Our research program is focused the role of stress, depression and personality variables in the etiology and treatment of diabetes mellitus.  We have recently finished a large clinical trial of stress-management in the treatment of type 2 diabetes that demonstrated that a brief, group, stress management intervention can improve long-term glycemic control in a large sample of patients with type 2 diabetes.  In addition we have two other projects currently ongoing.  The first is concerned with the impact of a cognitive behavioral program in the treatment of diabetes.  Extensive literature documents increased incidence of depression in patients with diabetes mellitus.  However, the degree to which the treatment of depression impacts on diabetes control is not clear.  Some investigators have found a strong association between depression and diabetes control, while others have found a week assocation.  A review of existing literature as well as preliminary data from our laboratory suggest that this discrepancy may be due, in part from failure of many studies to clearly differentiate type 1 and type type 2 diabetes in their patient samples.  The strongest association between depression and diabetes control has been reported in studies of patients with type 1 diabetes.   Research by our group has shown that unlike stress management, behavioral treatment of depression has no impact on diabetes control.

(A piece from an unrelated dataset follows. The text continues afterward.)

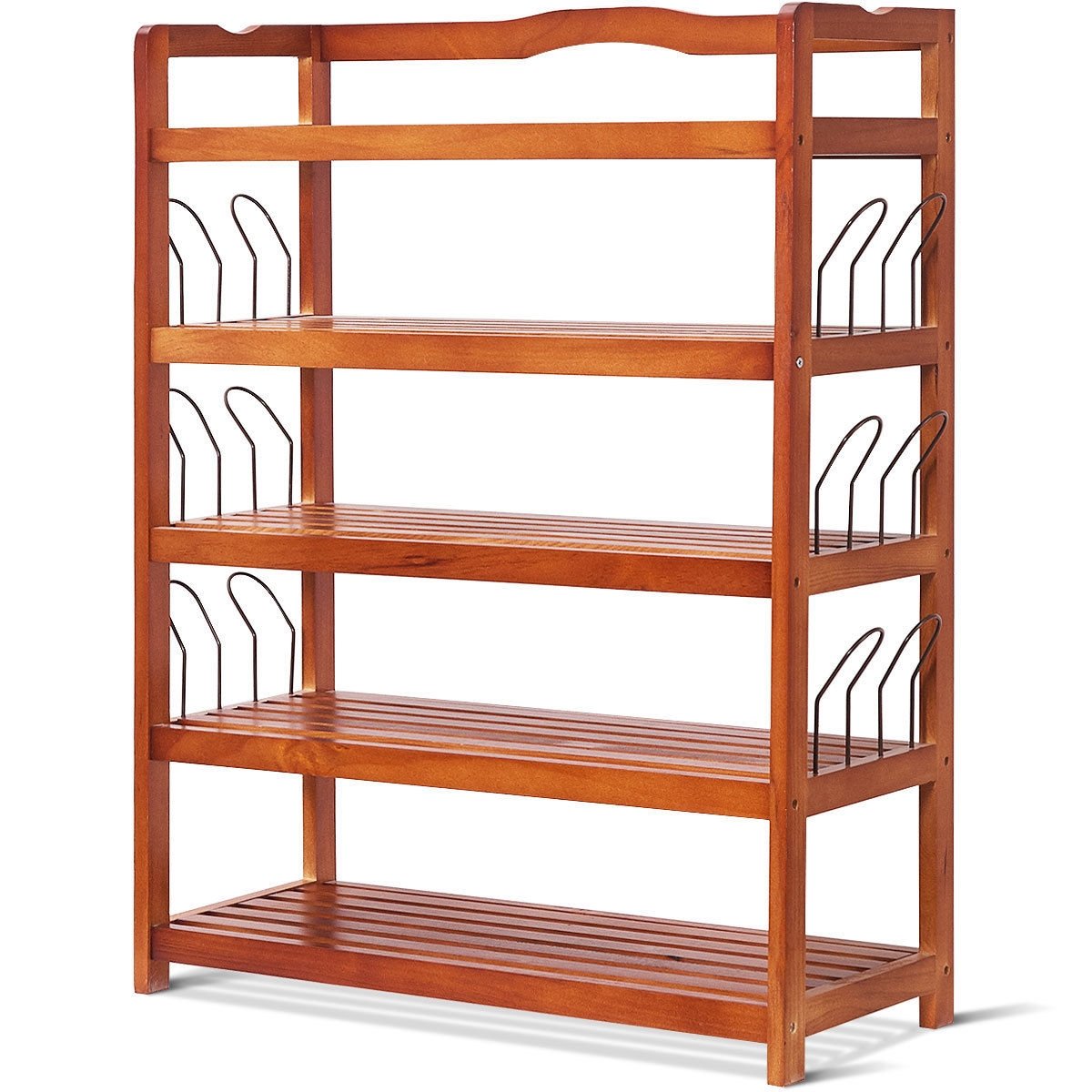 5-Tier Wooden Entryway Storage Shoe Rack w/ 6 Shoe Stretcher-Wood

The second major focus of our research program is to evaluate whether the apparent differential relationship between the personality construct of hostility and glucose metabolism in blacks and whites might contribute to the racial disparity in the prevalence of 2 diabetes.  African-Americans are at increased risk for developing type 2 diabetes, but the reasons for this racial disparity are poorly understood.  We are exploring our previous finding of a differential relationship of hostility to glucose metabolism in African-Americans and Caucasians and determine the underlying behavioral and/or physiologic mechanisms of these relationships.   We have shown hostility is related to both impaired pancreatic function as well as increased glucose production in the liver in African American women.  Furthermore, the elevated fasting glucose in this group is associated with both increased central adiposity and increased circulating epinephrine.  Ongoing studies are seeking to confirm these findings as well as to understand the underlying mechanisms

    Finally, our group is looking at novel pharmacologic methods for improving weight loss and impaired glucose metabolism.